Over the years a variety of different services have grown up around these allowances and some of these are now being quality assured, with for example regular audits of both the centers that provide the assessments and the companies that provide the technologies. However, these audits do not cover technology training companies or those who offer study skills support outside the institutions.

The reports that are generated from the study needs and strategy assessments cover all aspects of the student’s disability in relation to the course they wish to undertake and their proposed learning environments. Their skills, prior knowledge and use of technology are assessed whilst new technologies may be introduced and other aspects of support discussed.

The equipment provided is designed to help support the students with their course and is orientated towards assistive technology that integrates with courseware or the virtual learning environments used. Although the majority of the equipment tends to be electronic in nature, and covers the widest range possible for those with disabilities, it may also include ergonomic items to an increase comfort levels when working with a computer or overlays, handheld magnifiers etc when working with paper based resources.

Around five percent of the student population has a disability according to the Higher Education Statistics Agency of which a large proportion has specific learning difficulties including dyslexia or LD. Most of these students receive hardware and software linked to enhancing their written language skills. It is these students who form the bulk of the survey and have offered comments as to which technologies have helped them the most in their studies.

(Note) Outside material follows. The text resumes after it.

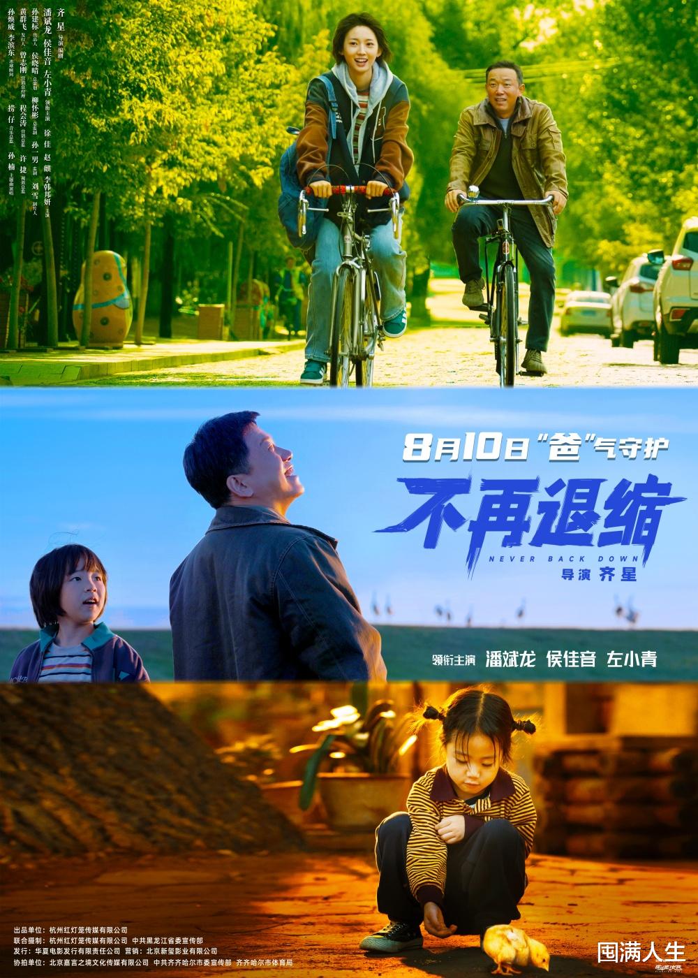 《不再退缩》由曾获第21届中国电影金鸡奖导演处女作奖的齐星自编自导,潘斌龙、侯佳音、左小青领衔主演,讲述了刘中华(潘斌龙 饰)发现并挖掘小女儿刘星榆身上的冰球运动天赋,以永不放弃的精神,坚持十几年治愈女儿的跛足,并打破外人的偏见,鼓励女儿勇敢走上冰球运动之路的故事。

In the past it appears to have proved immensely difficult to capture the views of students regarding their use of their technologies and the training received. This presentation aims to illustrate how one study was undertaken that succeeded in capturing data relating to these issues but also acknowledges the pitfalls encountered along the way.

Some students contact suppliers’ technical and maintenance departments having received their equipment. The survey highlights some of these issues and whether they are related to the assistive technologies or other aspects of the technologies provided.

Outcomes for Audience: To become aware of some of the views students may have about the equipment they receive to enhance their studies in higher education and the technical issues that may arise.